Um ponto ressaltado é que os “bandidos” respeitam morador. Já o policial “não tem aquele tratamento educativo, você pode ver, tem vários “podrão’”. “Podrão” aqui está no sentido de não respeitar, abusar. Ao necessitar de alguma ajuda, é muito mais fácil recorrer a algum traficante, com o qual há uma convivência, do que ao policial, o qual historicamente lida com esta população de forma truculenta (ressaltando mais uma vez que isso não significa ser conivente).

Se a favela foi sendo constituída ao longo do tempo como o “outro” da cidade, para os que ali vivem, a polícia é radicalmente esse “outro”. Apesar de sabermos que sempre houve negociação entre o crime e a polícia e que isto mantinha a situação estável, manter relações pessoais com policiais é um nível diferente. Não há uma proibição quanto a isso, mas sabe-se que não é algo bem visto.

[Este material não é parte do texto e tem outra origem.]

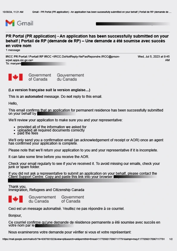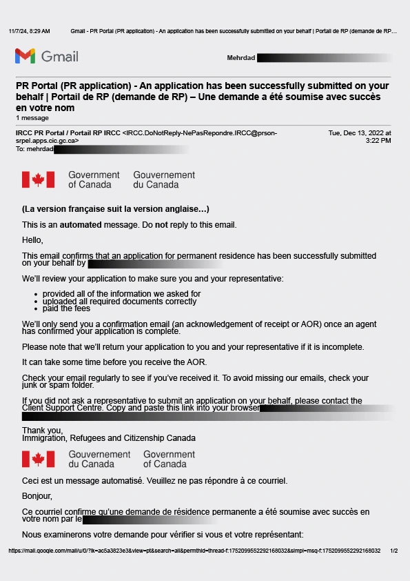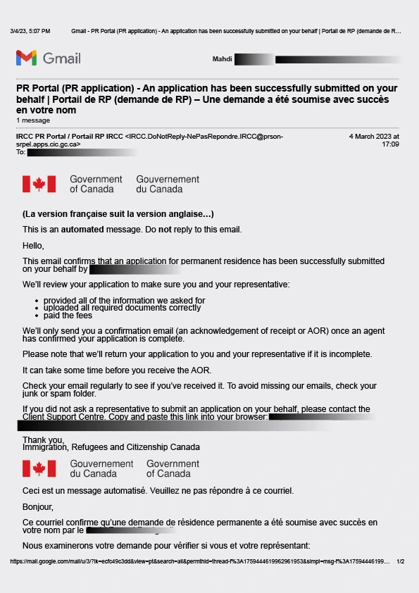 سابمیت پرونده در اداره مهاجرت کانادا

Neste sentido, a pixação da imagem apresentada acima que diz “se tem uma coisa que me deixa bolado, é ver morador fechando com errado” assinada com a sigla do Comando Vermelho Rogério Lemgruber, expressa uma indignação que extrapola alguma possível lei do tráfico. Tal indignação está muito mais voltada para o “somos crias do mesmo lugar, sofremos igual” e para a decepção de ver aquela “cria” “fechando” com o opressor. Nesse sentido, relembro a música de Chico Science “e você samba de que lado, de que lado você samba”.